▸ Work required: In your copy, include every entry exactly as written but no pictures.

▸ Material to process:
——————

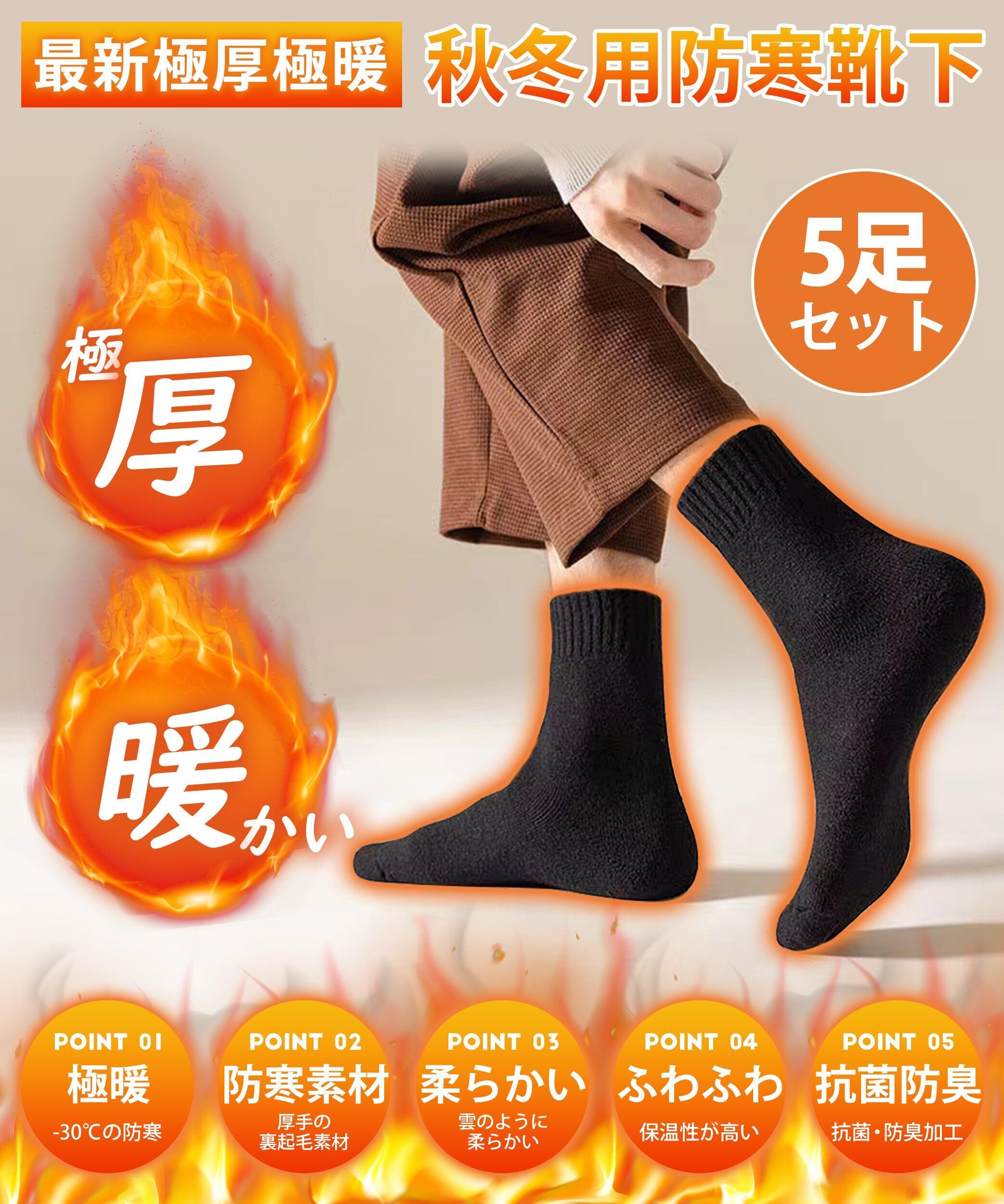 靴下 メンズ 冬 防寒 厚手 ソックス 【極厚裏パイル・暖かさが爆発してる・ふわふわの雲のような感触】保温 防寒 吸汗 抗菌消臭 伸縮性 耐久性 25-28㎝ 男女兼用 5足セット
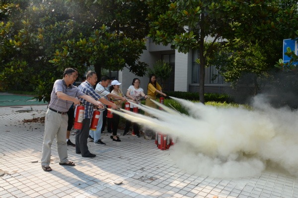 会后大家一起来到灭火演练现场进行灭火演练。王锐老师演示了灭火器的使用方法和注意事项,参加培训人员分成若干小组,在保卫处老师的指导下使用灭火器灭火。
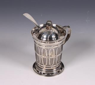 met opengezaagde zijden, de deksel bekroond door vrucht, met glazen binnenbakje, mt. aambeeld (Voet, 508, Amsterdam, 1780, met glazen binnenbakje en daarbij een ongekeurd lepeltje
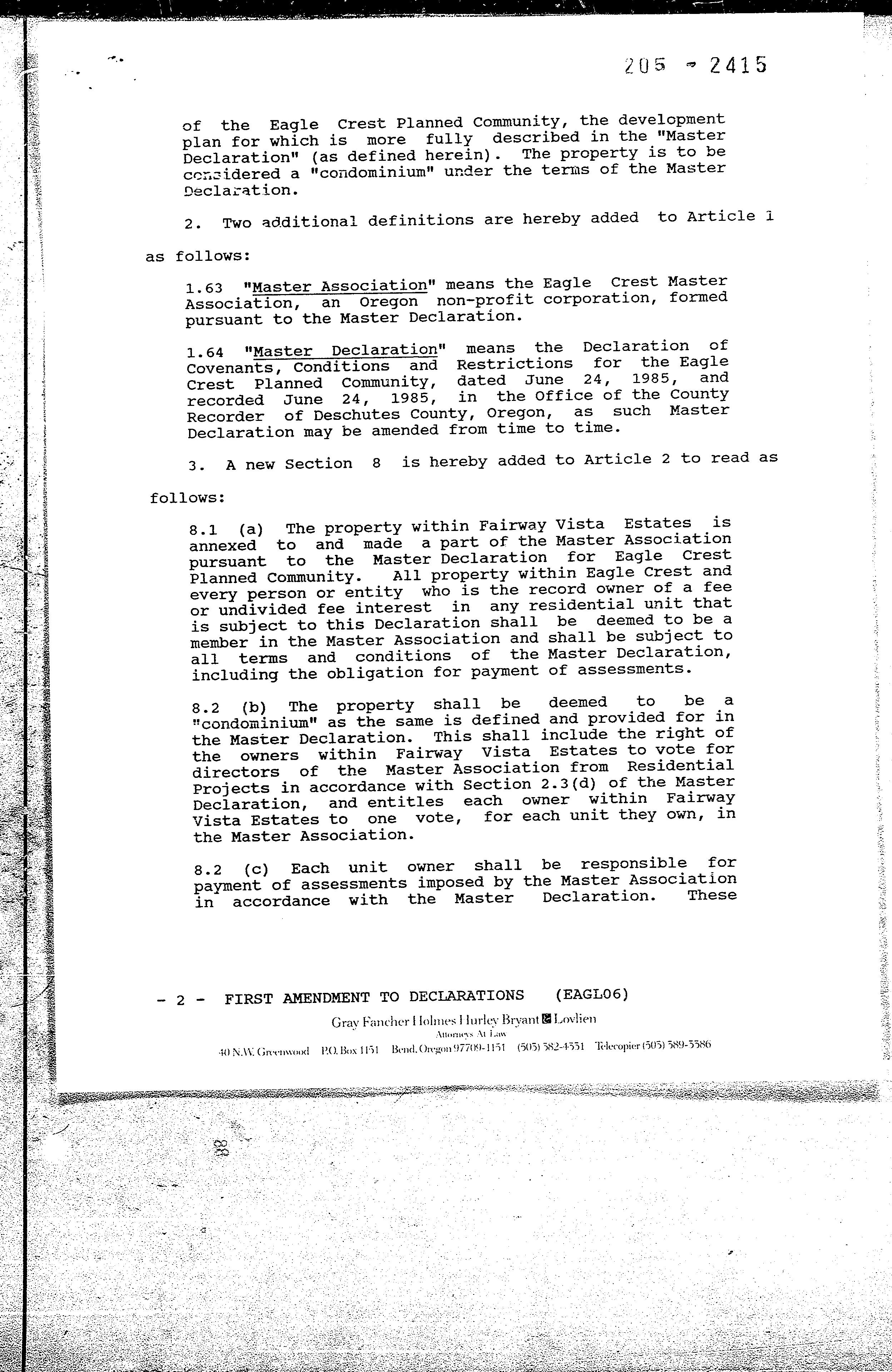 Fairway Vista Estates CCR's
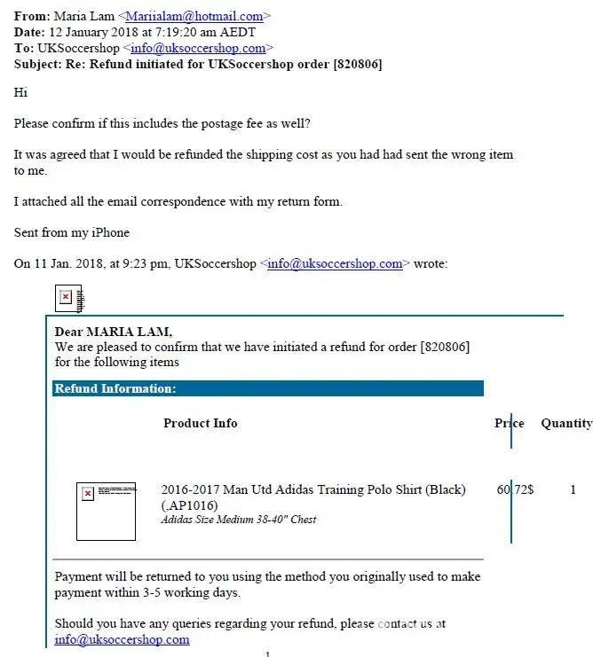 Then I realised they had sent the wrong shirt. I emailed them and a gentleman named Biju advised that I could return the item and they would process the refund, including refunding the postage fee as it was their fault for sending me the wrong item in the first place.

——————

▸ Solution for this task:
 靴下 メンズ 冬 防寒 厚手 ソックス 【極厚裏パイル・暖かさが爆発してる・ふわふわの雲のような感触】保温 防寒 吸汗 抗菌消臭 伸縮性 耐久性 25-28㎝ 男女兼用 5足セット
 会后大家一起来到灭火演练现场进行灭火演练。王锐老师演示了灭火器的使用方法和注意事项,参加培训人员分成若干小组,在保卫处老师的指导下使用灭火器灭火。
 met opengezaagde zijden, de deksel bekroond door vrucht, met glazen binnenbakje, mt. aambeeld (Voet, 508, Amsterdam, 1780, met glazen binnenbakje en daarbij een ongekeurd lepeltje
 Fairway Vista Estates CCR's
 Then I realised they had sent the wrong shirt. I emailed them and a gentleman named Biju advised that I could return the item and they would process the refund, including refunding the postage fee as it was their fault for sending me the wrong item in the first place.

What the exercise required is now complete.